The latter (Sam Goldberger) is in Mill Valley,
California. I think
Deep Space is in New Mexico. There used to be some guy on the east
coast but he seems to have disappeared... odd since he seemed to have
most of the CIA inventory.
And what, prey tell, is so odd about that? ;-)
Since I'm an Openstep developer, in my mind they
aren't really
antiques... though the CPU clock rates are low by todays standards
they still perform very well for day-to-day use because the software
(OS, application framework and display mode) layers were engineered
very efficiently.
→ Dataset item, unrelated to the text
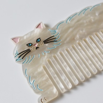 セットのコームも、同じ白ネコがモチーフに。毛並みみたいな表情のあるアクリル製で、ビンテージな雰囲気がとってもキュート。

The platform is just barely ten years old and
still very modern if not futuristic.
Yep. I actually think that Apple could appeal more to the design market by
releasing a new PPC based NeXT. That would give the platform a significant
boost. Especially becasue I've heard that Apple's going to be making
$500-$1500 devices. PPC NeXTs could sell for well over $5-$10, even for a
lower-end one.
The "PrinterWorks" I believe, still sells
laserprinters for them.
With these, you can essentially turn a NeXT Cube or station into a
Win 95/NT printing engine via Samba networking, have it run your web
server, and use it to run many applications that would make both
Windows and plain old Unix jealous if they were jealous kinds of
Operating Systems.
Sounds cool. But getting more and more off topic...
If all else fails, there's also
comp.sys.next.marketplace, where
everyone is trying to sell what they have right now.
ALL RIGHT!!! There's a NeXT in my future!
Collectable items include extra DSP memory, the ancient
ISDN modem
that worked through the DSP port, Ariel Digital Microphones, Digital
Ears [a Digital Sound I/O system].
DSP Memory? DUDE!!!
Also... the 20 " monitors were _beautiful_ to work
nexst to. Before
I sold mine I always felt like I was almost living inside my NeXT.
But they are oh so heavy!
Well, it could have been inside of a titanium alloy casing...
Cubes are ultra-ergonomic. The cases very somewhat
depending on
when they were made. I like the cases the early 68030 machines...
they had less ventilation I think but they looked cooler... more
metalic somehow.
No kidding. That's the big catch to NeXT's. The looks. Once you see one,
you can't really sleep easy until one's inside of your house.